INSTRUCTIONS FOR THE TASK: Please write out only the lines from the one containing "3月7日凌晨,比伯发文表示自" through the last line of the listing. Do not include pictures.

DATASET CONTENT:
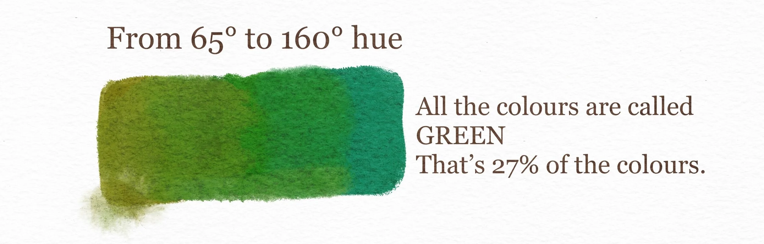I mean, you will mostly get greens if you mix yellow pigments and blue. And there’s tons of green pigments too. What we call green is a length wave, usually anything between 495 and 570 nanometers. So something between 60+ and 160º on a hue scale. There’s 360º of colour hues, it’s about a third of the visible range. That’s a lot.
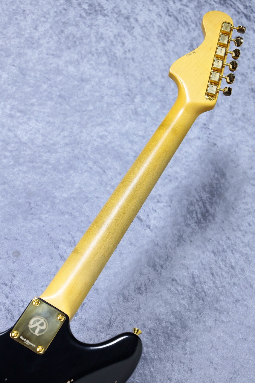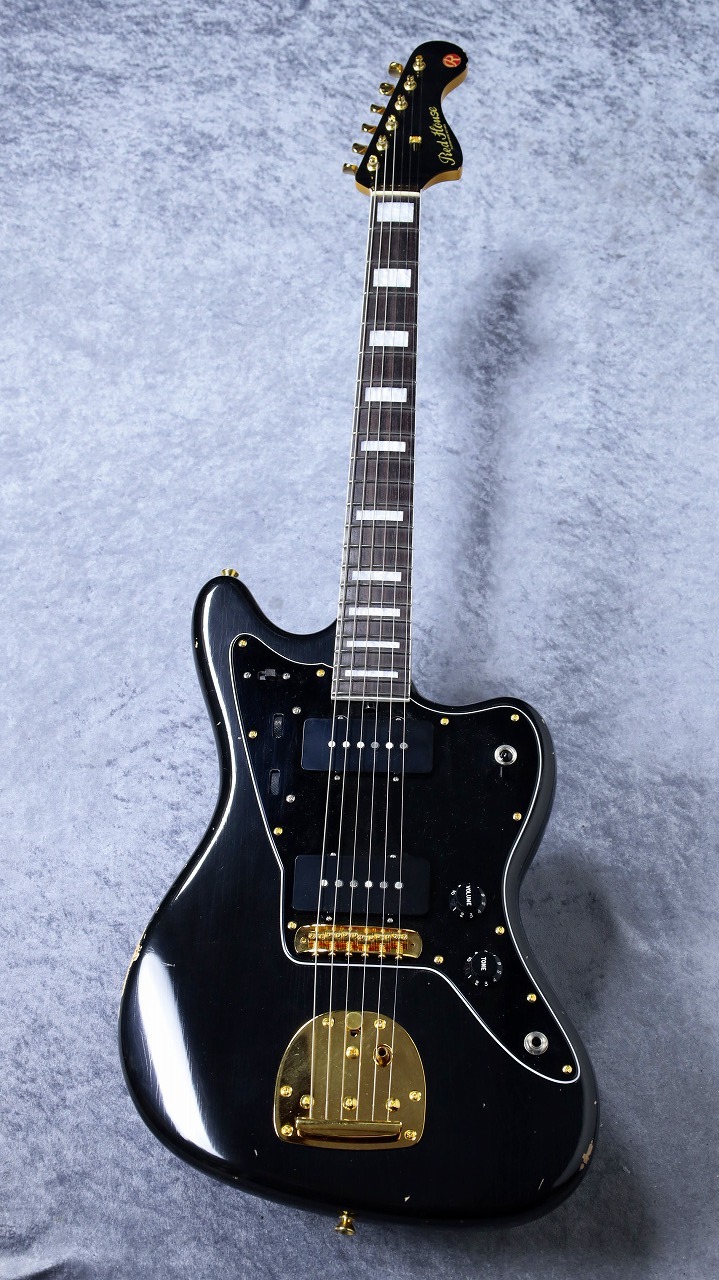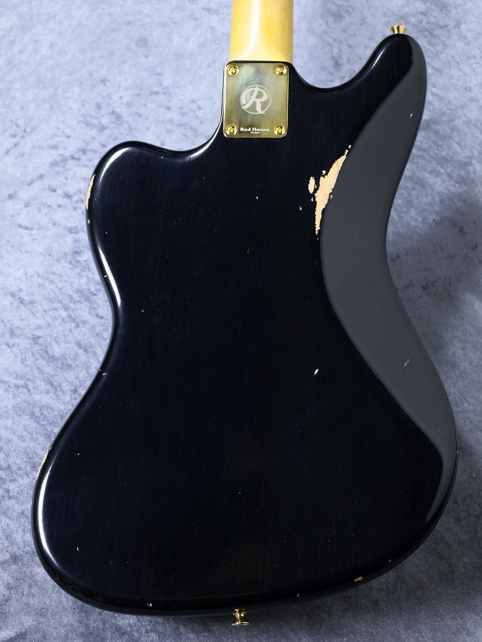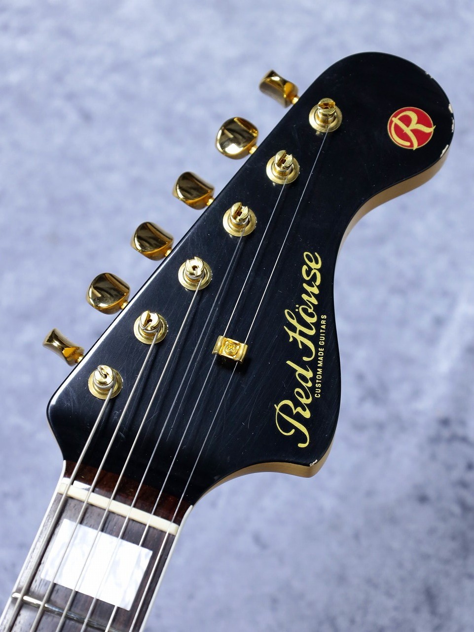 全体的にはヘッドからボディまでオールブラックでまとめており、ピックガードはあえての黒-白-黒の3plyであえてピックガードラインの白が目立つ様に工夫しました。オールラッカーでエイジングが施されており、薄い塗装の質感が際立ちます。もともとレッドハウスは音の立ち上がりの速さを大事にしているブランドですが、その良さが更に際立ち、思わずかき鳴らしたくなるほど気持ちの良い分離感を味わうことがどできます。
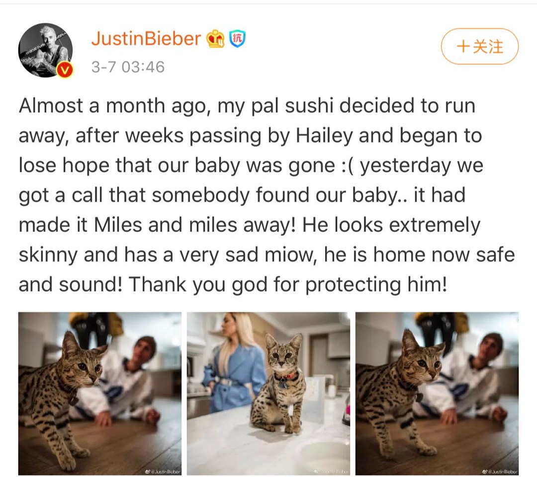 3月7日凌晨,比伯发文表示自己找到了失散已久的猫咪,言语中透露出欣喜和激动,也表示在看到猫瘦了以后的痛
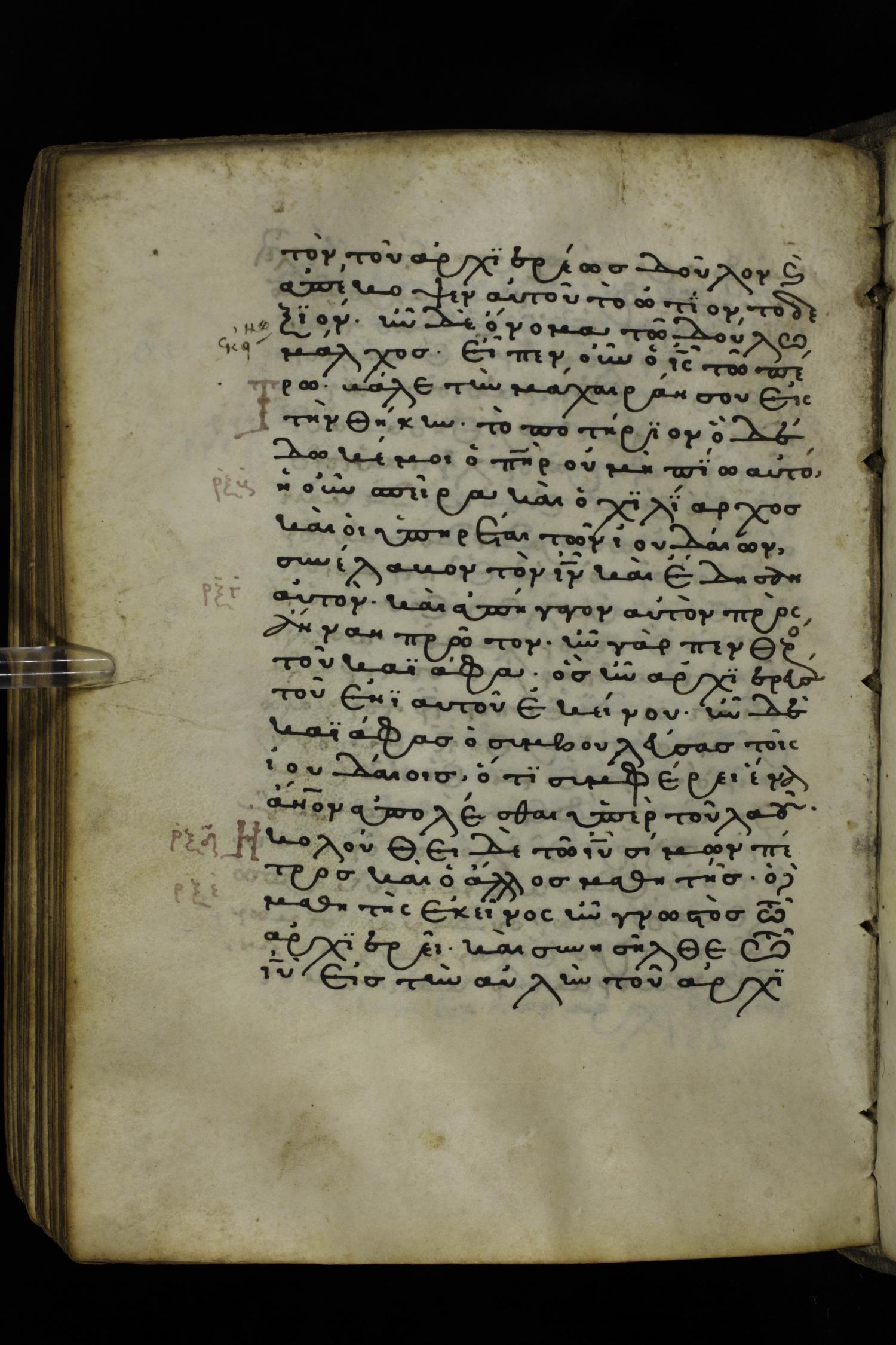 Thirteenth or fourteenth century minuscule of the Gospels on parchment; 312 leaves, 1 column, 19-22 lines per column. Images were taken at the National Library of Greece in Athens.

SOLVED EXERCISE:
 3月7日凌晨,比伯发文表示自己找到了失散已久的猫咪,言语中透露出欣喜和激动,也表示在看到猫瘦了以后的痛
 Thirteenth or fourteenth century minuscule of the Gospels on parchment; 312 leaves, 1 column, 19-22 lines per column. Images were taken at the National Library of Greece in Athens.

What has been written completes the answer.